## Work item
For this exercise, write out the whole listing below exactly, omitting its images.
Segment Start: Given material
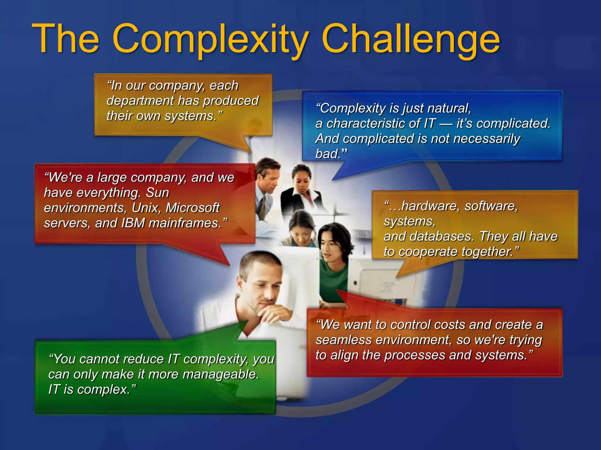 This document discusses managing complexity in IT systems and how Visual Studio 2008 aims to help with this. It notes that companies have many different systems from various vendors that must work together, making IT inherently complex. Visual Studio 2008 seeks to improve developer productivity, enable better collaboration across the lifecycle, and employ the latest technologies to help manage this complexity and make it more controllable. It provides features like LINQ, support for service-oriented architecture, and enhanced testing, deployment, and collaboration tools to help with these goals.
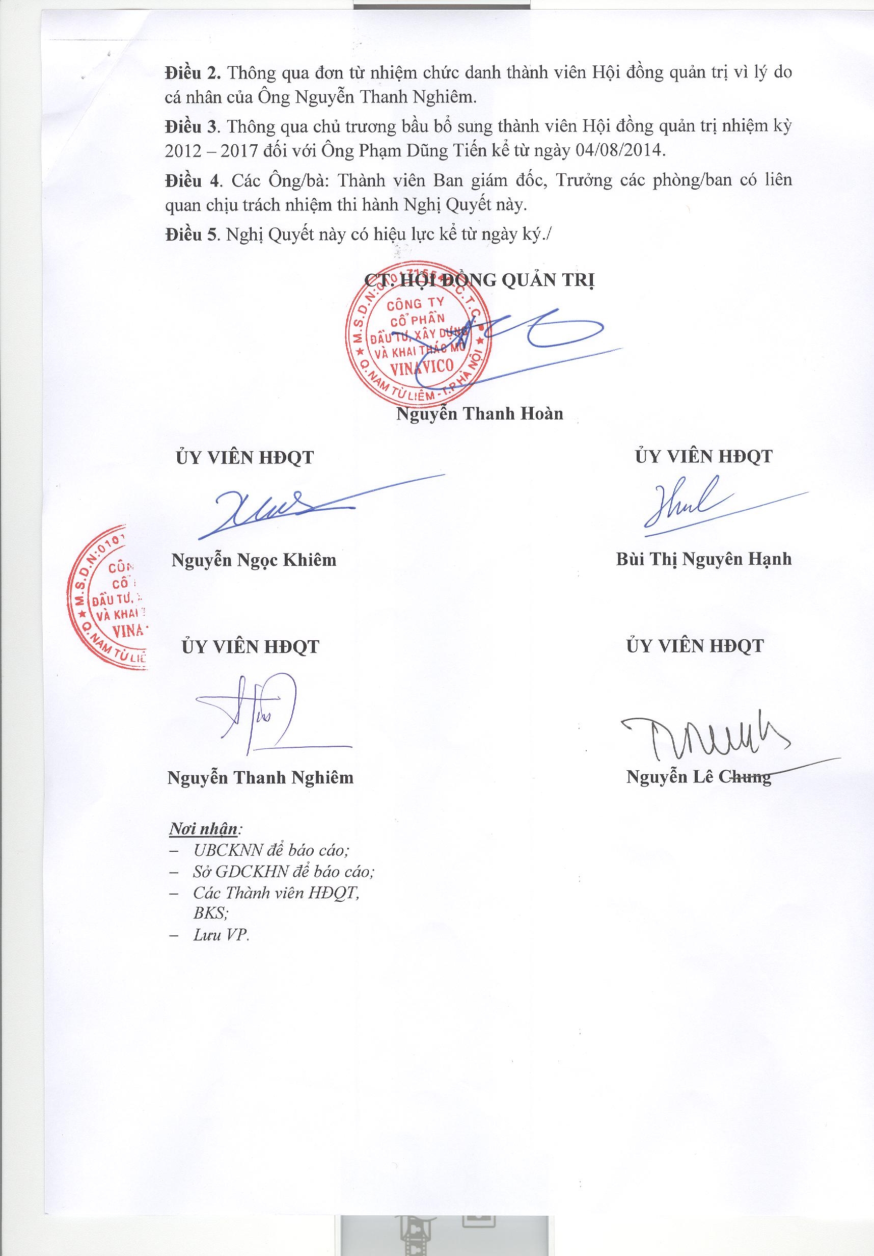 | Nghị quyết Hội đồng Quản trị | 04-09-2014 | |
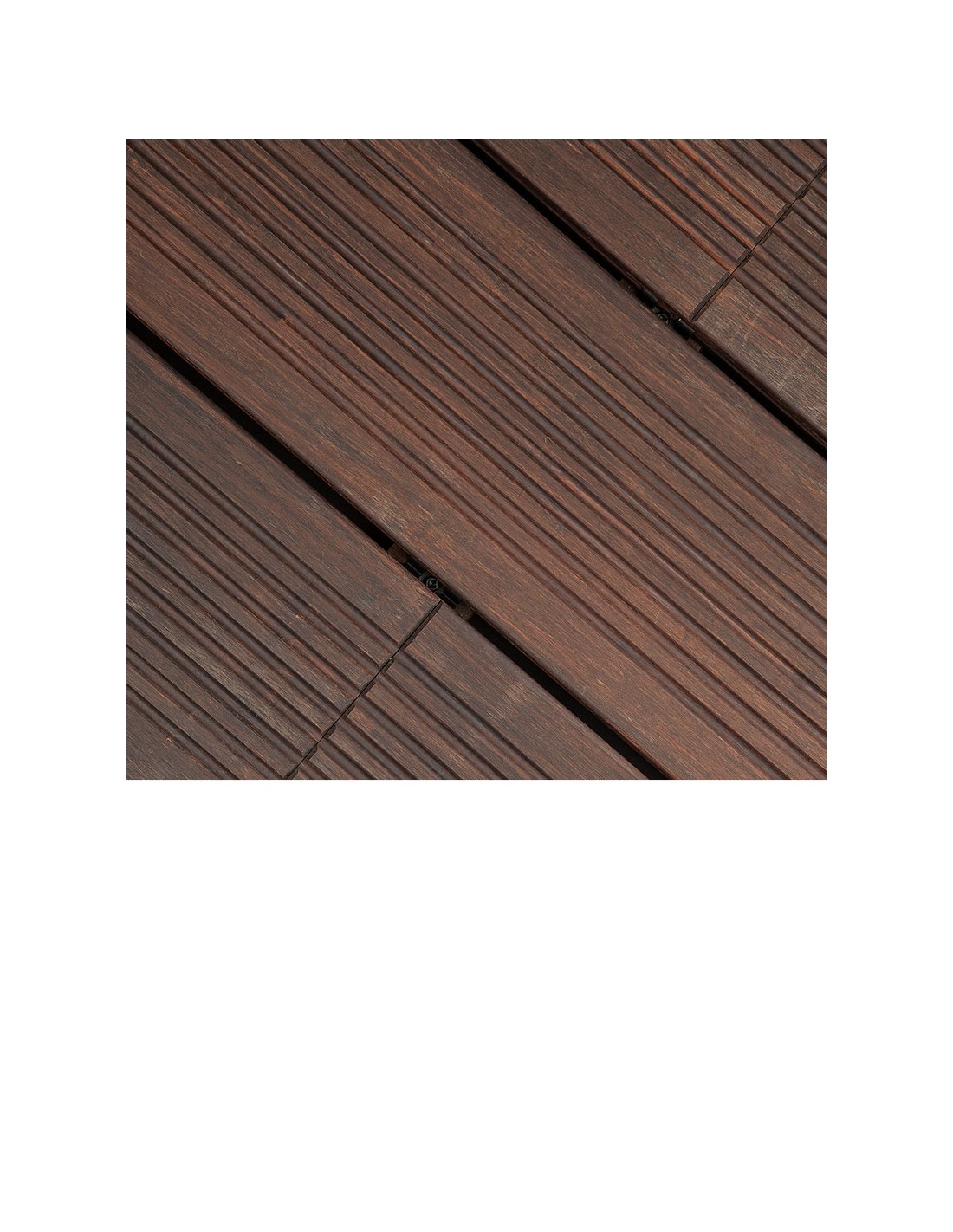 - 7 mètres courants de planches de terrasse en bambou ainsi que 3 mètres de lambourdes ou chevrons de bois exotique. Plus 16 clips.
Segment End: Given material
## Exercise answer
 This document discusses managing complexity in IT systems and how Visual Studio 2008 aims to help with this. It notes that companies have many different systems from various vendors that must work together, making IT inherently complex. Visual Studio 2008 seeks to improve developer productivity, enable better collaboration across the lifecycle, and employ the latest technologies to help manage this complexity and make it more controllable. It provides features like LINQ, support for service-oriented architecture, and enhanced testing, deployment, and collaboration tools to help with these goals.
 | Nghị quyết Hội đồng Quản trị | 04-09-2014 | |
 - 7 mètres courants de planches de terrasse en bambou ainsi que 3 mètres de lambourdes ou chevrons de bois exotique. Plus 16 clips.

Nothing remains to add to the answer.